- _Goal of the exercise_:
Your response to the data below should hold nothing except the lines from the one containing "Blake Seever is" down to the one containing "Вы можете настроить", reproduced exactly and without pictures.

───── Data listing

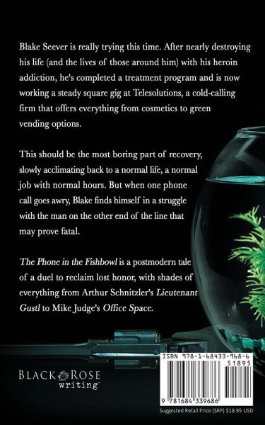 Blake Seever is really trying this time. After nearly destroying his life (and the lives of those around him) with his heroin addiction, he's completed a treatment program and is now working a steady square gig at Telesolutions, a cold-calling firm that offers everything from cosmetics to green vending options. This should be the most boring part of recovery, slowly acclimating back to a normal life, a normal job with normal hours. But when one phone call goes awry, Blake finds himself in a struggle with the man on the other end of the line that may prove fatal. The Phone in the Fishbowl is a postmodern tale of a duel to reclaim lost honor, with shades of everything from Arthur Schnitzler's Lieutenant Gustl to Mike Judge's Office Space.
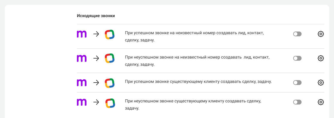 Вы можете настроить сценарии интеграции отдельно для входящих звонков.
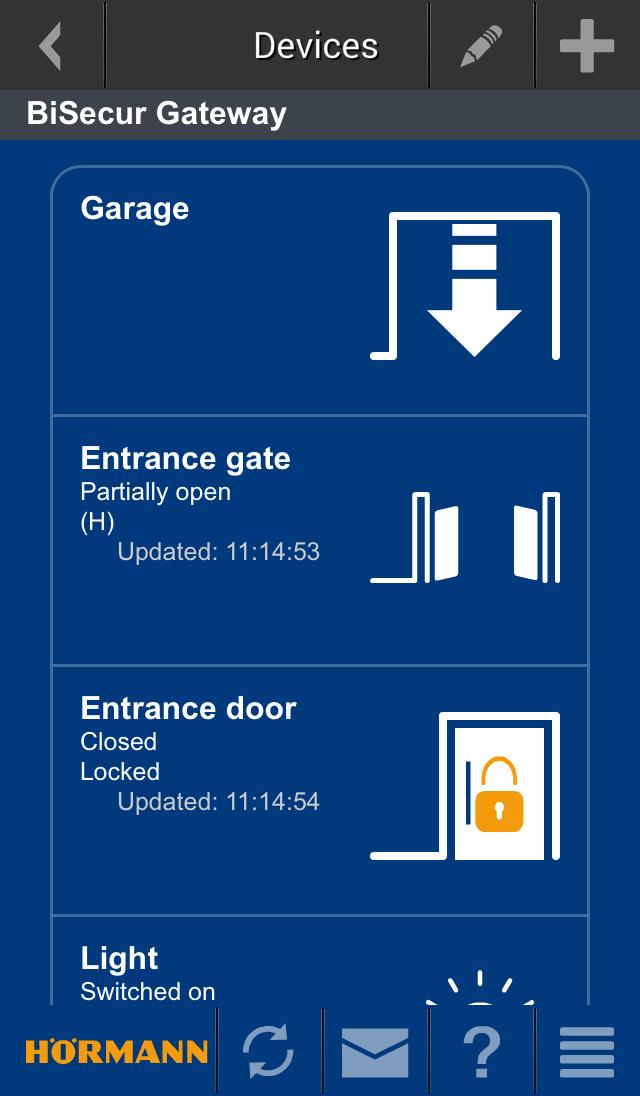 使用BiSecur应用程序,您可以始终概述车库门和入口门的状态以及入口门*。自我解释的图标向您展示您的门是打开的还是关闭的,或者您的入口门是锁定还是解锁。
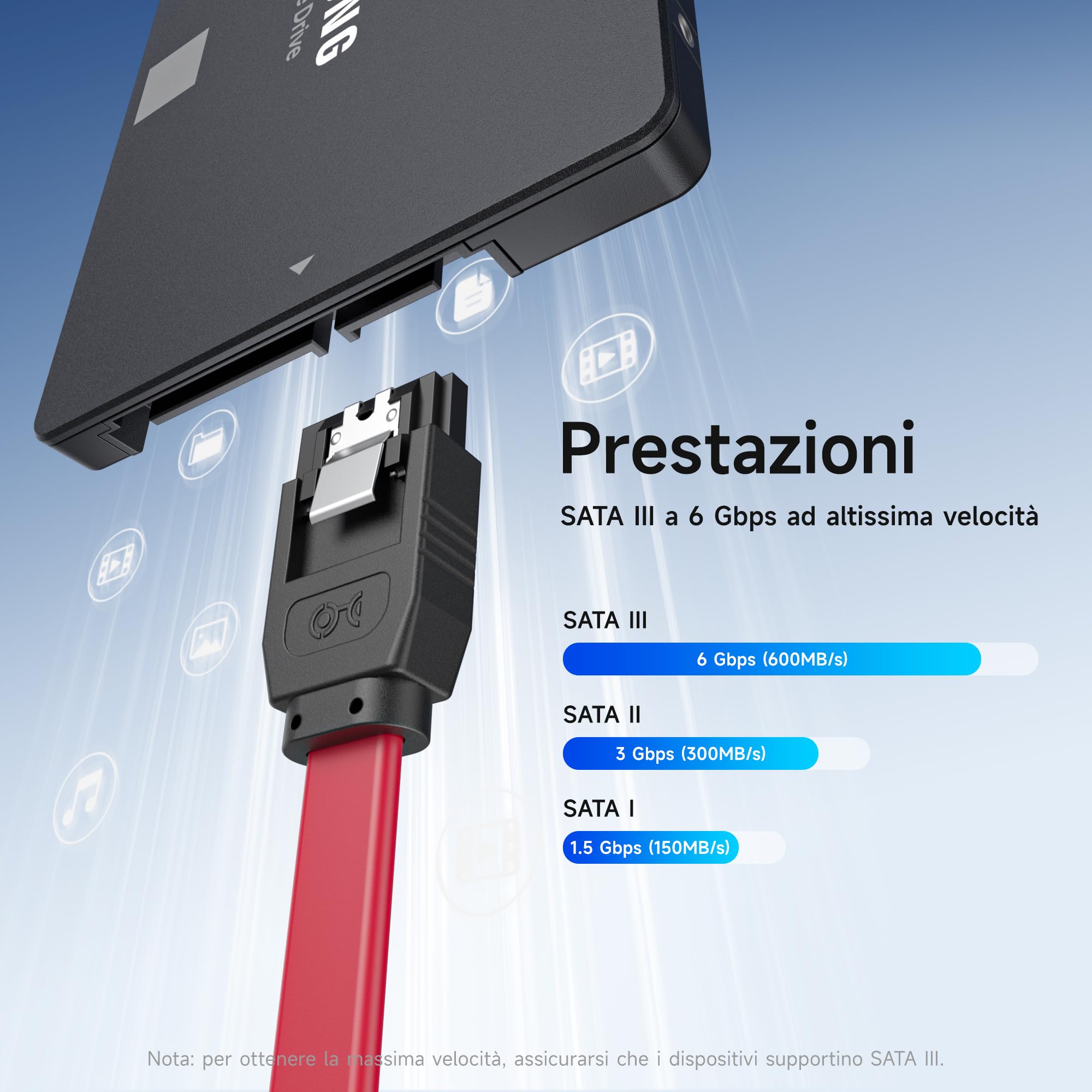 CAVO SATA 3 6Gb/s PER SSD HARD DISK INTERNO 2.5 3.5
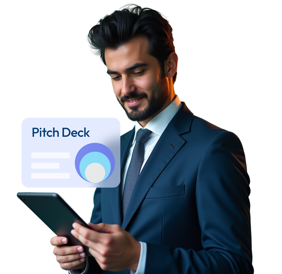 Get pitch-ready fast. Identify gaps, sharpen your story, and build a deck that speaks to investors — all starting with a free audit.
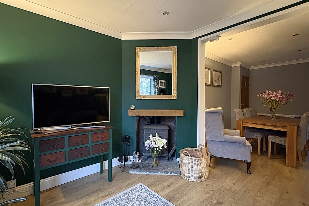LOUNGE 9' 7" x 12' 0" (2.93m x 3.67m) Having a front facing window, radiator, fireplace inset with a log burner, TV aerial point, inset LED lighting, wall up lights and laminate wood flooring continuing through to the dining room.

──────────
───── Data listing

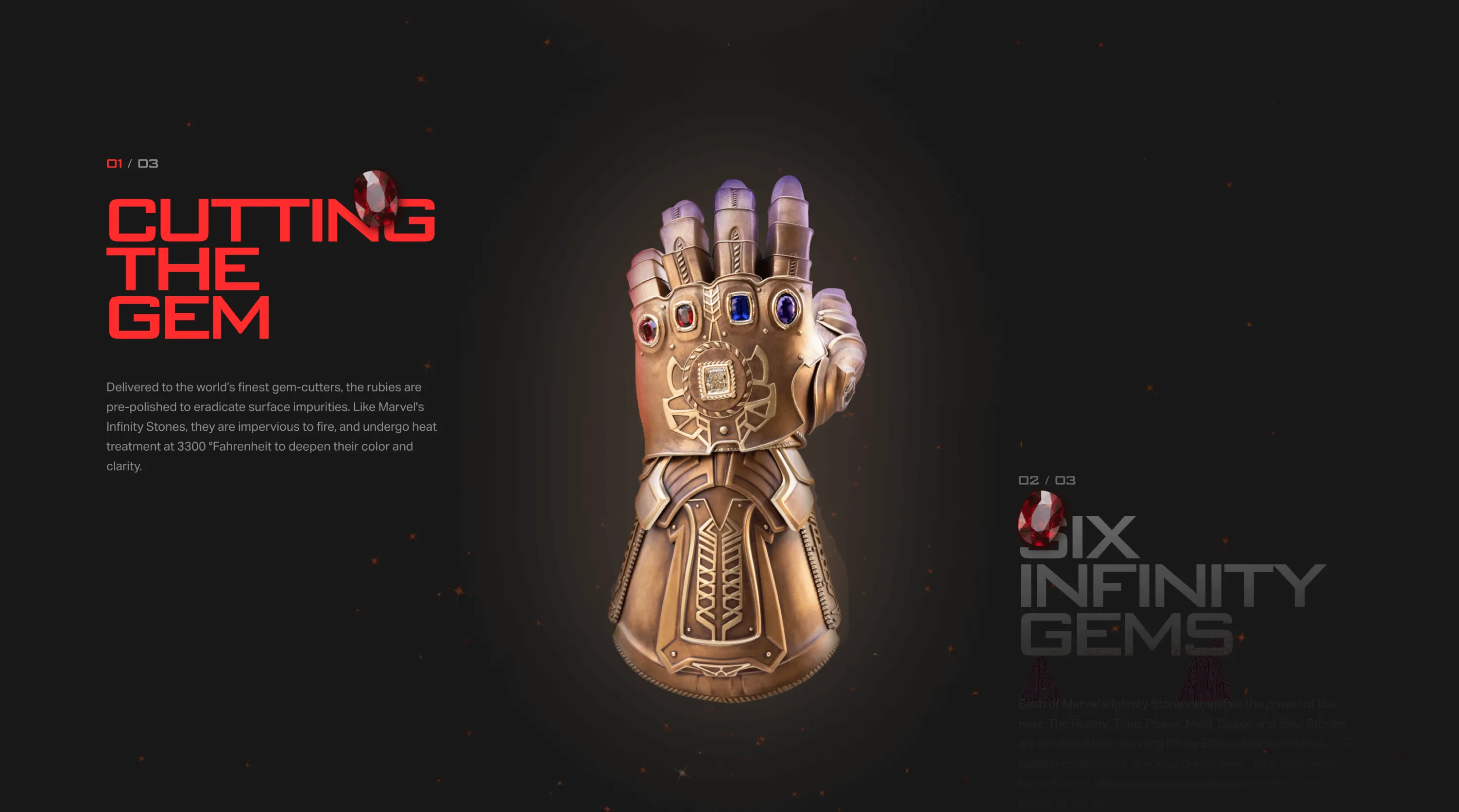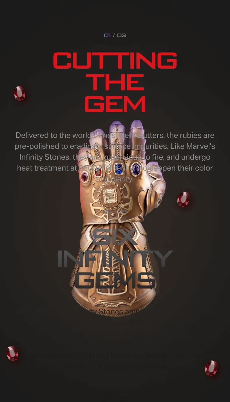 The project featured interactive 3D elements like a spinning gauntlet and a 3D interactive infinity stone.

──────────
───── Data listing

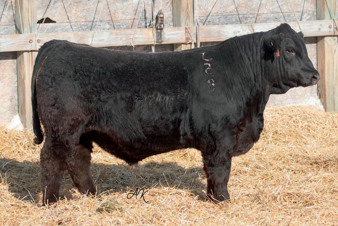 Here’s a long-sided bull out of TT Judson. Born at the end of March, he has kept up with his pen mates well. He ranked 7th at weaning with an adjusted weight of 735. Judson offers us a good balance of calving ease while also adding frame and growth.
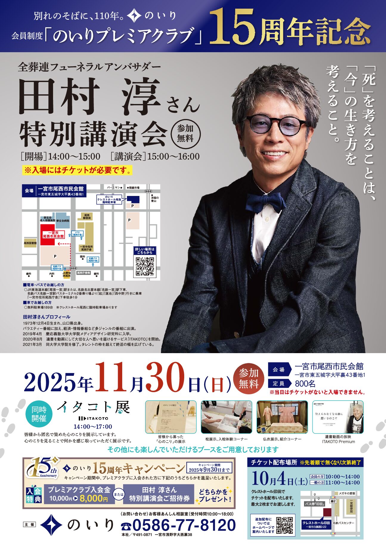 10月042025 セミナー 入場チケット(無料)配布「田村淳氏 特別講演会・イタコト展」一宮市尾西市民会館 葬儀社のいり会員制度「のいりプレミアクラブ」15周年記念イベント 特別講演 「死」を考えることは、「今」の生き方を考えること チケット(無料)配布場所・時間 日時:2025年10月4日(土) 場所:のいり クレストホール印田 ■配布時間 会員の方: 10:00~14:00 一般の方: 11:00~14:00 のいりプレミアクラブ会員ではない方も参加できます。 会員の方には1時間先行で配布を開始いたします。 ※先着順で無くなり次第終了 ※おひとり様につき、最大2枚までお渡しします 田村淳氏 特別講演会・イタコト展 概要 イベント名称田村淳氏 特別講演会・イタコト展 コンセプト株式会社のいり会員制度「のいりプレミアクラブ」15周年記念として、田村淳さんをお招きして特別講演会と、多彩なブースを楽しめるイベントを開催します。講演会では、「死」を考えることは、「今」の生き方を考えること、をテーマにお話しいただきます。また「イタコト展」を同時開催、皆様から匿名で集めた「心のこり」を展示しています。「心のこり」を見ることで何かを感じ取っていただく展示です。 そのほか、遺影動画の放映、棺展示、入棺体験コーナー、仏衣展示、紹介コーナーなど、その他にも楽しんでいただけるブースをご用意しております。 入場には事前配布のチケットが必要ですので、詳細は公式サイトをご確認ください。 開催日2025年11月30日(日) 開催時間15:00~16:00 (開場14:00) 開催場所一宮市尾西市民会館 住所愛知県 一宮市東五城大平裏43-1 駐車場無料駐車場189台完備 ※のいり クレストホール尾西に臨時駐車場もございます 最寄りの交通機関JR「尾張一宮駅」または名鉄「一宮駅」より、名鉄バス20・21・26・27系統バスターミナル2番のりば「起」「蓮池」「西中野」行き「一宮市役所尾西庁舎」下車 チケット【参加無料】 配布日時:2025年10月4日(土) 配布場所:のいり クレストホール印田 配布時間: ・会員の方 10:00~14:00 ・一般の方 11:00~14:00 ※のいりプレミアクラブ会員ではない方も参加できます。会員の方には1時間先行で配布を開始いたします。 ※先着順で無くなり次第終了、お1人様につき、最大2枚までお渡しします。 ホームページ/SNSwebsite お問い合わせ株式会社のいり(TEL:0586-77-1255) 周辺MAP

──────────

- _Output of the task_:
 Blake Seever is really trying this time. After nearly destroying his life (and the lives of those around him) with his heroin addiction, he's completed a treatment program and is now working a steady square gig at Telesolutions, a cold-calling firm that offers everything from cosmetics to green vending options. This should be the most boring part of recovery, slowly acclimating back to a normal life, a normal job with normal hours. But when one phone call goes awry, Blake finds himself in a struggle with the man on the other end of the line that may prove fatal. The Phone in the Fishbowl is a postmodern tale of a duel to reclaim lost honor, with shades of everything from Arthur Schnitzler's Lieutenant Gustl to Mike Judge's Office Space.
 Вы можете настроить сценарии интеграции отдельно для входящих звонков.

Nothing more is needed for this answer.